Sufficient statistics are in to start a full scale analysis of the Star Trek quiz. (The Babylon 5 quiz needs to be extended with more difficult questions before that can be effectively analyzed.) Details follow.

In the previous version, the only modelling was that of a single classroom. This one is far more involved. These were modelled on a two parameter Rasch fit, which means each question has two assigned parameters: difficulty and discrimination. Unlike the single classroom analysis of the last version, these definitions are driven by the ability of the student answering the question.

If a student has ability level x, then there is a certainly probability of answering a question correctly. If the difficulty of the question has the same value x as the testee’s ability, then there is a 50% probability that the student answers correctly. Students with lesser difficulty have less probability of answering correctly, while students with higher difficulty have greater probability of answering correctly. The rate at which these probabilities change is related to the item’s discrimination value. A higher discrimination means the change is more sudden.

148 people responded to the quiz, and only 18 of them got 100%. 17 of the 20 questions here can be assigned values on this scale. The remaining three (“Who played Spock,” “James T. Kirk’s middle name” and “bad shirt colour”) questions were too easy to be effectively modelled. (In fact, everybody answered “who played Spock” correctly.) The rest were modelled with a basic structure as follows.

First, I needed to define the parameters of the normal distribution. These is extremely preliminary, as 12% of the testing population got 100%. When a testee scores 100%, his or her ability cannot be measured. At best, a confident lower limit can be assigned. In the long term, I intend to add enough difficult questions that nobody gets 100% on the test, but every question is answered correctly by at least one testee. Still, there appeared to be enough distribution that the 18 testees who scored 100% could be removed and the remaining scores formed a decent normal (bell, Gaussian) distribution. Furthermore, that distribution’s upper tail would account for 14% of the population, which is close enough to the 12% that I went ahead with the fit using this data.

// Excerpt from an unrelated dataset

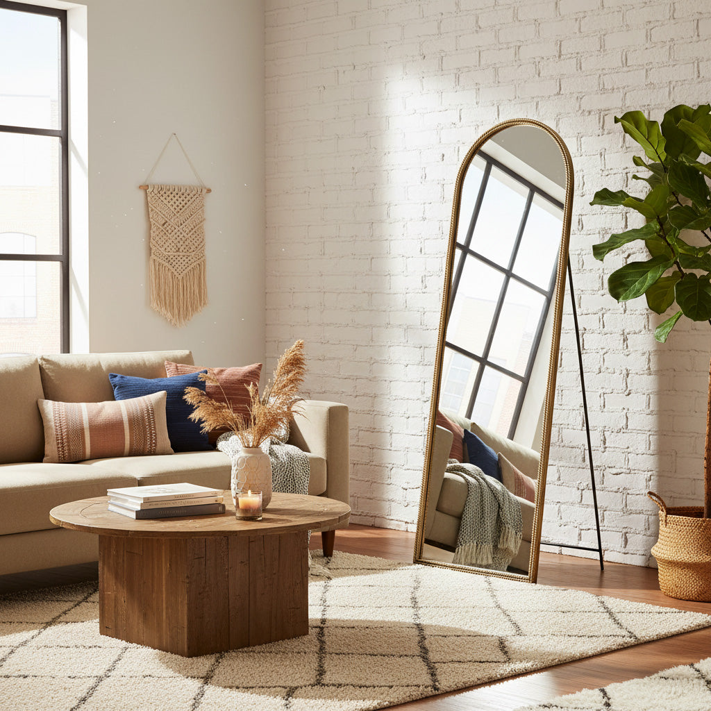 スタンド付きのミラー「ローリン」は、実用性とエレガントなデザインを兼ね備え、寝室や玄関に最適です。

To complete the fit, one must arbitrarily choose the mean and standard deviation for the distribution. Both of these values are taken to be 42. Once that has been established, rudimentary fits can be performed to determine the difficulty and discrimination of the questions. Done properly, I would refit student performance and update the norms and keep going back and forth with Newton-Raphson or Runge-Kutte methods until it is the optimal fit for all parameters. That is the way this will be handled once I start programming the test software. While using Google Forms to administer the test, my analysis tools amount to spreadsheets, so I’m only doing a first generation fit at this point. Approximately 2/3 of testees fall between 0 and 84 for their overall performance.

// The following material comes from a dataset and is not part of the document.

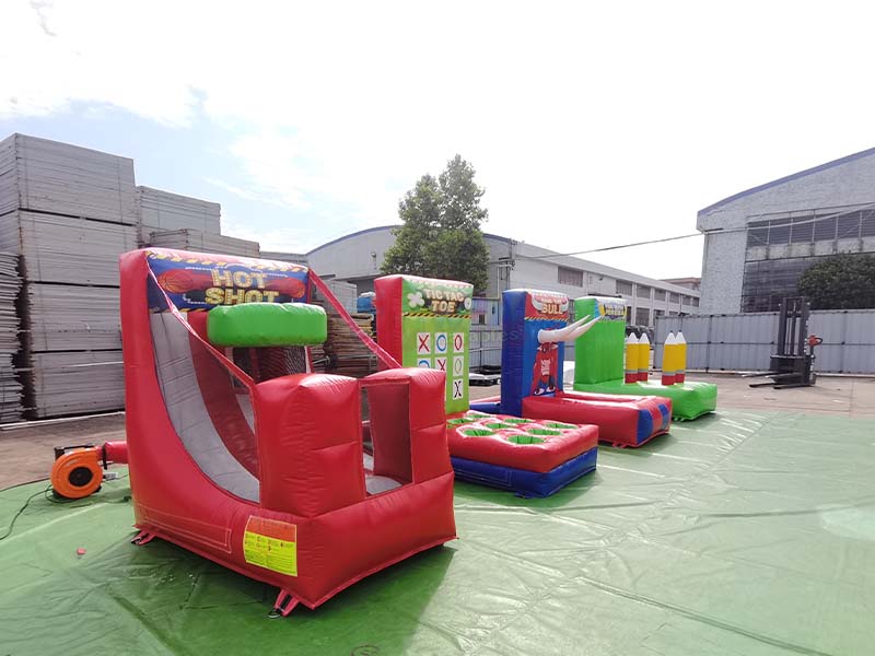 4 in 1 inflatable games is constructed from inflatable panels with red and white vertical stripes, resulting in a smooth and full surface. Transparent mesh netting is installed on the inside of the frame, providing both unobstructed visibility and protection.

The actual test parameters came out as follows:

Question | Difficulty | Discrimination |
---|---|---|

1 – Series creator | -52 | 0.03 |

2 – Who played Spock? | Lower than we can measure | Indeterminate |

3 – T. in “James T. Kirk” | Can’t be statistically measured. (146 out of 148 answered this correctly.) | Indeterminate |

4 – Ship’s engineer | -57 | 0.04 |

5 – Last name only? | -110 – This is a very flaky fit. 129 out of 148 answered correctly. | 9 |

6 – Serial number of ship | -47 | 0.03 |

7 – First captain | 119 | 0.05 |

8 – Shirt colour | Too easy to measure. (144 out of 148 answered correctly.) | Indeterminate |

9 – First through Guardian of Forever | 33 | 0.04 |

10 – Real name of Leo Walsh | 46 | 0.035 |

11 – When was Kirk surgically altered? | 91 | 0.015 |

12 – Theme music composer | 92 | 0.025 |

13 – Art director / production designer reference on TNG? | 1 | 0.06 |

14 – Final episode? | 122 | 0.02 |

15 – Cyrano Jones profession | -3 | 0.03 |

16 – What is quadrotriticale? | 56 | 0.03 |

17 – Which episode was referenced in the 30 year anniversary? | 1 | 0.05 |

18 – Species that experiences Pon Farr? | -34 | 0.05 |

19 – Episode without nasty kids? | 36 | 0.02 |

20 – Episode with no sequel? | 20 | 0.02 |

Our DC comics quiz is complete, and our Marvel comics quiz is in progress. Expect to see the first of these on Monday.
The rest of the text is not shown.